The data:

━━━━━━━━

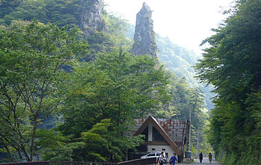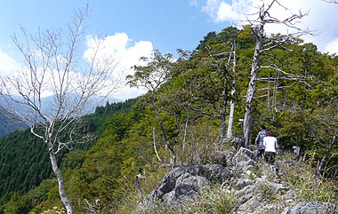 鍾乳洞先の登山口に出る:前に聳える岩は梵天岩
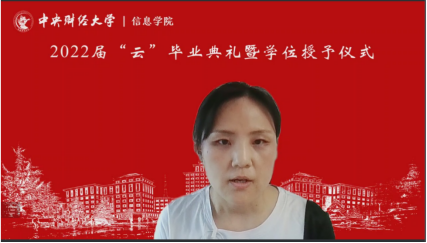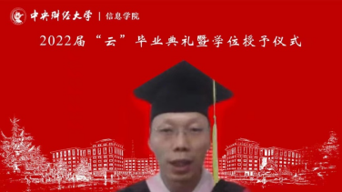 2022届研究生代表陈文秀同学分享了自己在中财大度过的八年宝贵时光,从本科生到辅导员再到硕士研究生,她感恩每位传道授业解惑的老师,感恩在中财大遇到的所有美好。她希望同学们不论是顺境抑或是逆境,都能坚定信念,保持良好的心态,永远记住自己炙热的梦想和坚强的信心,用实际行动诠释“龙马担乾坤”的中财大精神。
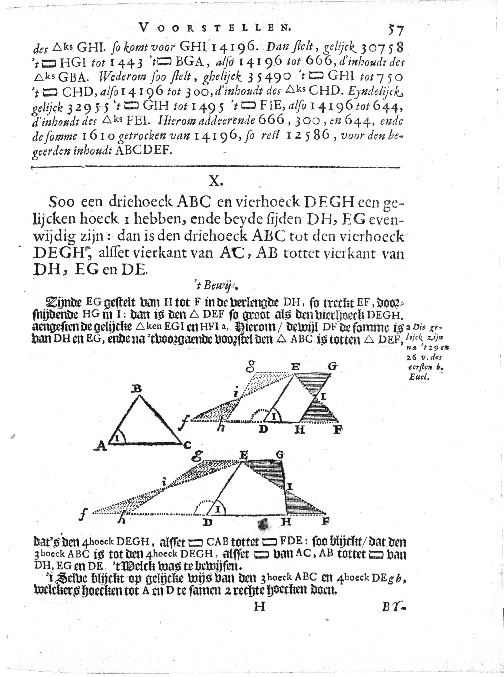 en omdat opp. DEH : opp. EHG = DH : EG,
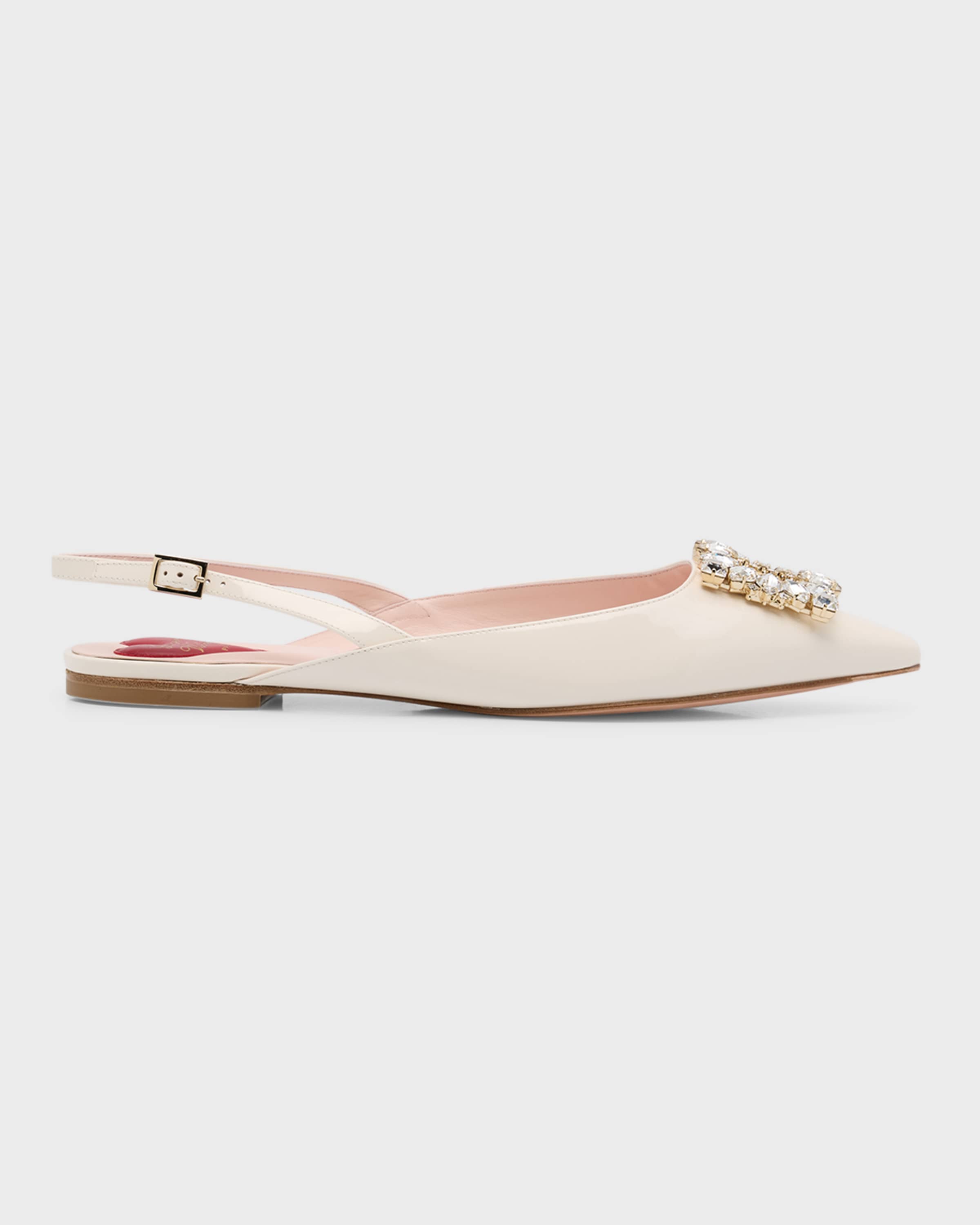 Roger Vivier Leather Crystal Buckle Slingback Ballerina Flats

━━━━━━━━

What you will do: The material above is to be transcribed exactly, with its images omitted.

Response below:
 鍾乳洞先の登山口に出る:前に聳える岩は梵天岩
 2022届研究生代表陈文秀同学分享了自己在中财大度过的八年宝贵时光,从本科生到辅导员再到硕士研究生,她感恩每位传道授业解惑的老师,感恩在中财大遇到的所有美好。她希望同学们不论是顺境抑或是逆境,都能坚定信念,保持良好的心态,永远记住自己炙热的梦想和坚强的信心,用实际行动诠释“龙马担乾坤”的中财大精神。
 en omdat opp. DEH : opp. EHG = DH : EG,
 Roger Vivier Leather Crystal Buckle Slingback Ballerina Flats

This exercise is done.